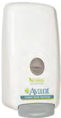
1000 mL Manual Wall Dispenser (9350)
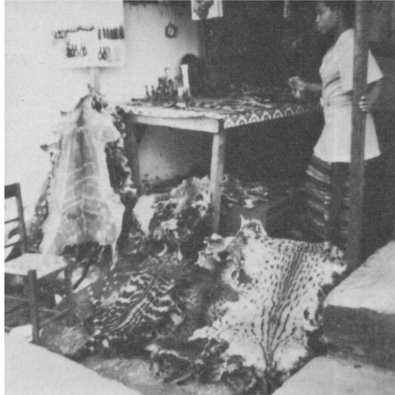
SKINS for sale in a Monrovia shop

Leone; none were Liberians. Because these countries have tightly regulated currencies and Liberians are allowed to deal in US dollars, Monrovia has become a clearing house for the ivory trade. The manufacture and sale of African art requires a $100-a-year licence. Current ones were seen displayed in two shops.

════════════════════

▶ Instructions to follow
Write out exactly the lines starting with the one that holds "SKINS for sale in a Monrovia shop" and running through the last line above.

▶ Result of the exercise
SKINS for sale in a Monrovia shop

Leone; none were Liberians. Because these countries have tightly regulated currencies and Liberians are allowed to deal in US dollars, Monrovia has become a clearing house for the ivory trade. The manufacture and sale of African art requires a $100-a-year licence. Current ones were seen displayed in two shops.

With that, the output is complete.